We pulled into a vacant lot about the size of a soccer field. Grass and an odd, scrubby plant that looked like cabbage pushed up through the pavement, while nearby, birds and shreds of plastic bags drifted lazily above a strip of corrugated steel. According to Liz’s phone we’d arrived—FAIRWAY, the banner announced—but when I looked up the only sign was a faded placard reading WE BUY LEAD.

I parked the car. “Well,” I said. “I guess we’re here.”

But Liz was already out the door. In the distance there was some kind of squat cinderblock building, and past that an ancient, out-of-service streetcar covered in barnacles. Liz started walking toward it.

Beside me, she’d crumpled the grocery list into a ball and partially wedged it into the cushion of the passenger seat, which still bore her impression.

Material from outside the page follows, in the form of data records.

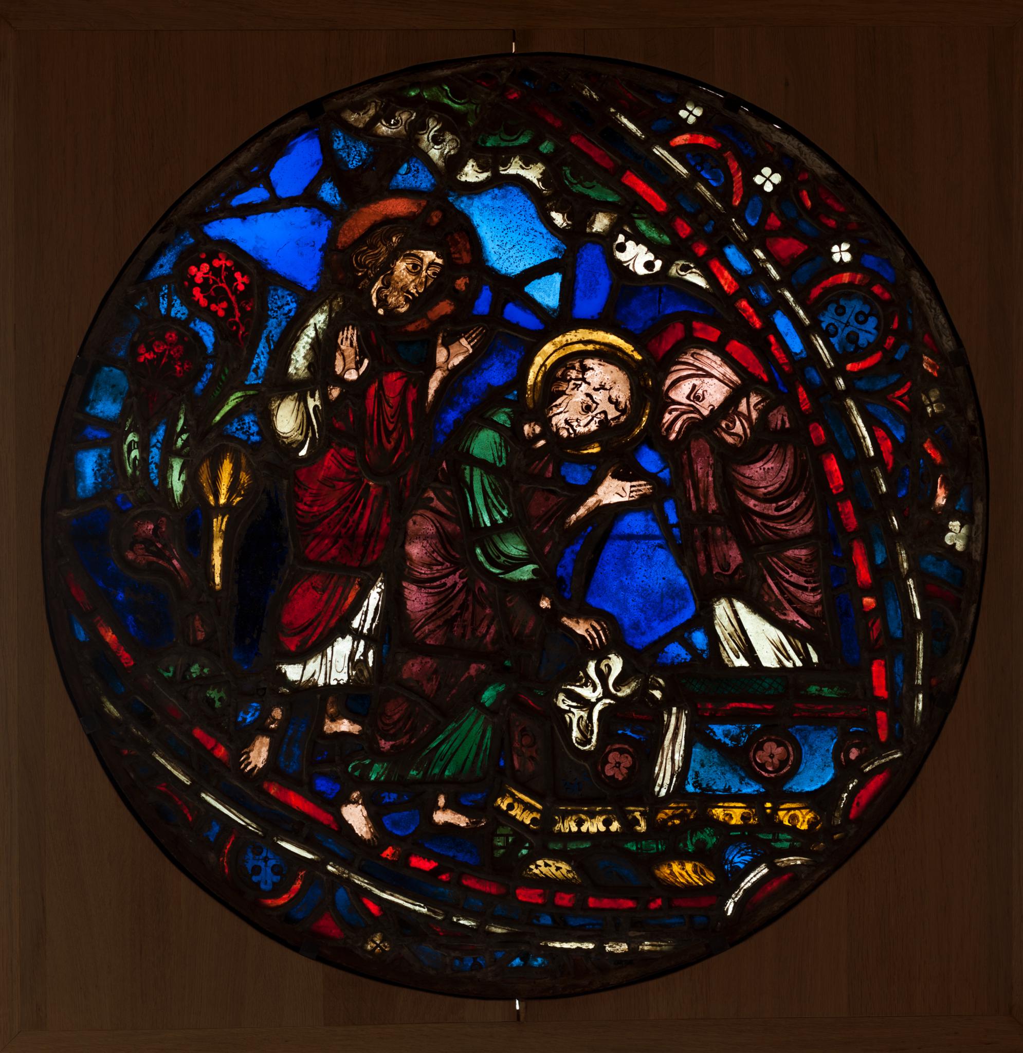 Ce vitrail a bénéficié de plusieurs études, dont les plus importantes sont celle de Sandra Fiechter (1991) et celle de Brigitte Kurmann-Schwarz (2000). Comme son pendant conservé au Musée historique de Bâle, il provient de la cathédrale Notre-Dame de Chartres, en Eure-et-Loir, située à environ 90 kilomètres au sud-est de Paris. Il est considéré de la première campagne de vitrage de la cathédrale, datée entre 1194 et 1240 (cf. Delaporte, 1926 ; Grodecki, 1981 ; Fiechter, 1991, p. 28 ; Kurmann-Schwarz, 2000, p. 266). Avec son pendant et un panneau représentant le martyre de saint Georges conservé au Princeton University Art Museum (Princeton, Princeton University Art Museum, inv. y71 – ce dernier cependant fortement remanié), ces trois panneaux compteraient parmi les rares vitraux de Chartres ayant atterri sur le marché de l’art.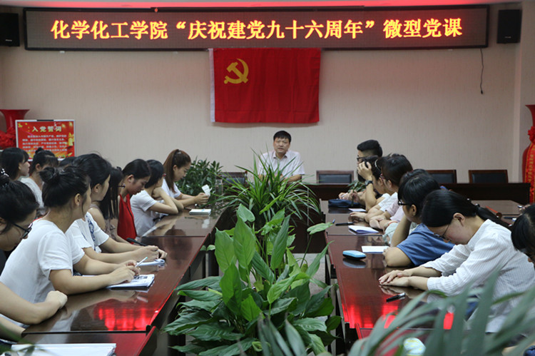 6月28日,在纪念建党九十六周年之际,公司党委书记郭鹏以“社会主义核心价值观的科学内涵”为题,在化学楼407会议室为三十余名新发展员工党员做报告,报告由党委秘书冷向宇主持。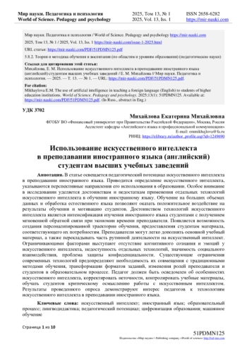9. Авраменко А.П. Опыт интеграции технологий искусственного интеллекта в иноязычное высшее образование: от цифровизации к автоматизации / А.П. Авраменко, В.А. Фадеева, В.В. Терновский // Вестник Московского университета. Серия 19. Лингвистика и межкультурная коммуникация. - 2024. - № 2. - С. 55-67. EDN: JYWFLB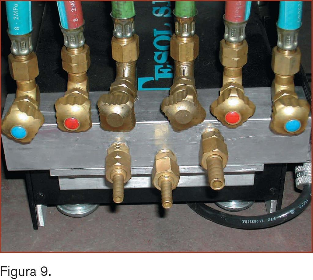 Al igual que el sistema de gases, la regulación del caudal de agua de refrigeración se realiza mediante la regulación de las válvulas de agua en el colector.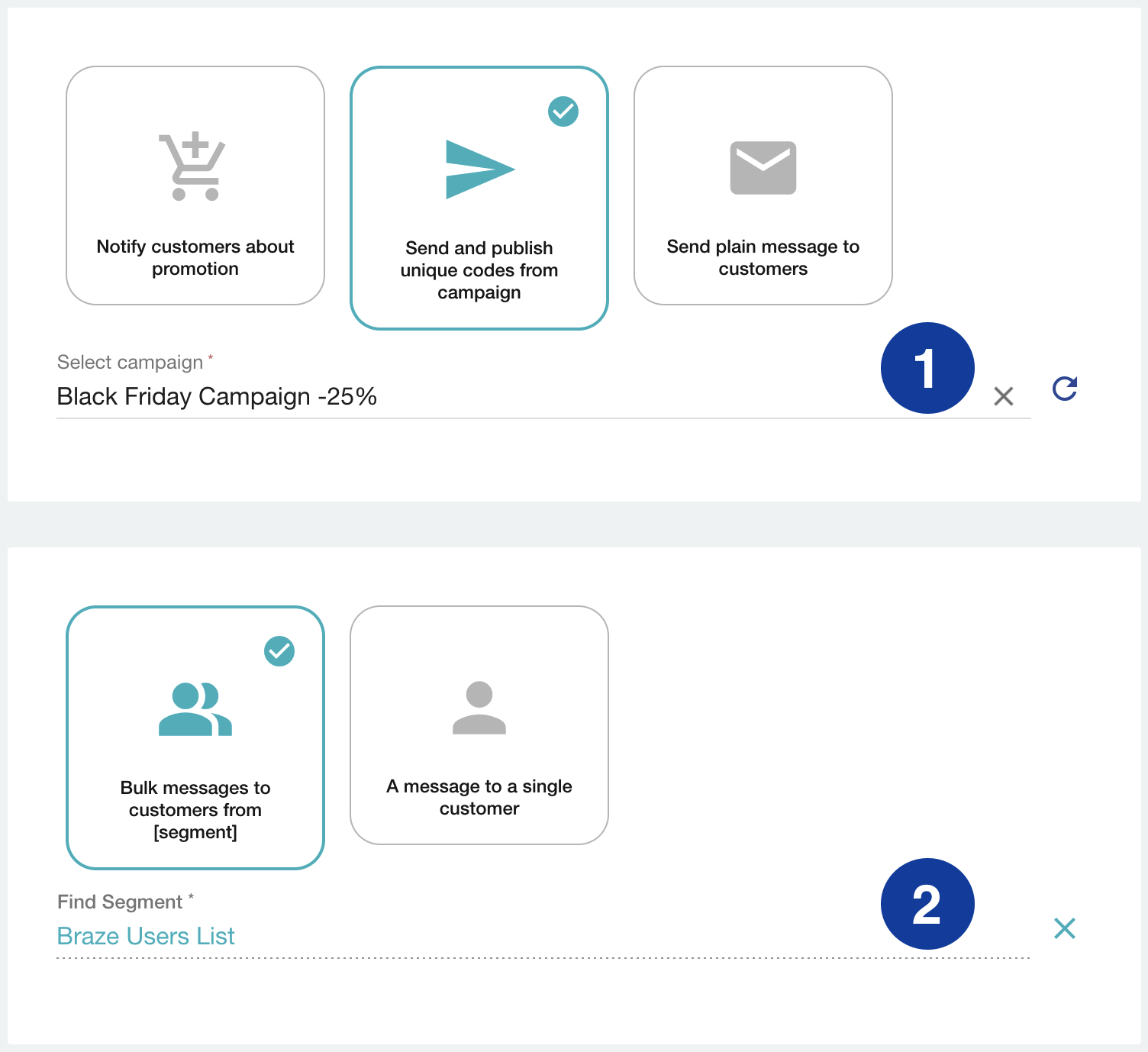 Choose a campaign that will be a source of unique codes (1) and select a segment of users or a single customer as your receivers (2). Visit Voucherify to learn more about customer segments.
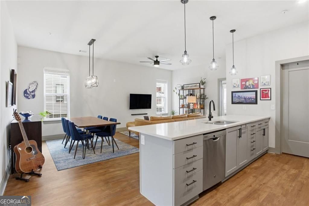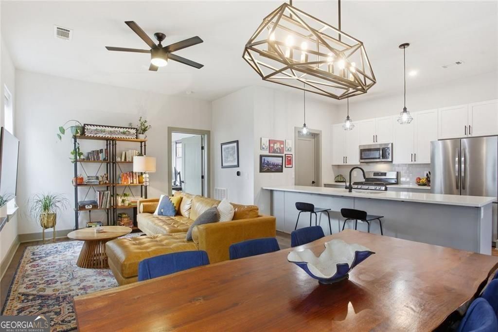 Bright, open double corner unit located just one block from the Atlanta BeltLine. This newer boutique building offers a prime location within steps of everything Cabbagetown and Reynoldstown have to offer. The thoughtfully designed floor plan features open-concept living, a designated dining area, and a spacious, welcoming kitchen island-ideal for both everyday living and entertaining. The kitchen is appointed with quartz countertops, a gas range, and a large pantry with custom Elfa shelving. The primary bedroom includes a private balcony overlooking Pearl Street, a custom walk-in closet, and an ensuite bathroom with a tub/shower combination. The second bedroom is well suited for a roommate, guest space, or home office and features its own balcony along with a large walk-in closet with custom shelving. A second full bathroom offers a step-in shower and a window that provides excellent natural light. 764 Memorial Drive SE offers comparatively low HOA fees, which include both water and gas. The secure building features an excellent fitness center, a co-working space/clubroom, and a rooftop terrace complete with a fireplace and TV. Conveniently located just one block from Publix and surrounded by popular neighborhood destinations including El Malo, Muchacho, The Dairies, Coffee shops, and 3 Taverns Brewing. Directly across the street is one of Atlanta's premier music venues, The Eastern. Memorial Drive now features dedicated bike lanes, making it easy to get around without a car. The condo includes one assigned parking space within a gated area, and additional street parking on Pearl Street and Estoria Street is readily available. All appliances stay with the home including washer/dryer. The owners plan to have the home professionally painted after they move out, or they are happy to offer a $3,000 paint credit to the future buyer. Only one wall in guest bathroom/closet is shared with another unit, very quiet and private unit.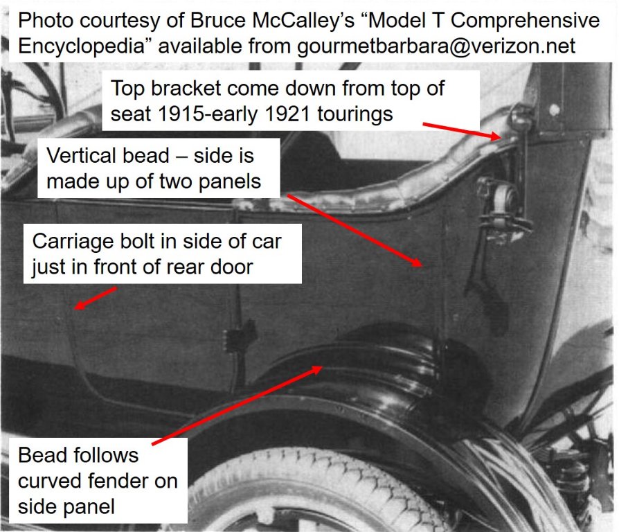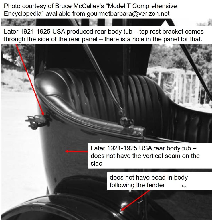 Note, I have seen the later 1921-1925 USA “3-panel” rear section mated to a 1915 USA touring body. It does fit and 99% of the public would never wonder if it was the original rear seat section or not.

I reached for it. Last night, I recalled now, Liz had stood by the fridge calling out items at random while I busily transcribed them, barely able to keep up as she reeled them off like rap lyrics: edible flowers, Sichuan pepper, pork rinds, marrow bones. Each one, her tone said, waiting to fill whatever unnamable thing it was we lacked.

She was a few feet from the streetcar now, and the water’s edge beyond it. The city shone on the other side, looking closer and brighter than it really was. I watched as she grew smaller and smaller, became a part of the landscape as she made her way toward the water. I folded the list twice, neatly, and put it in my pocket.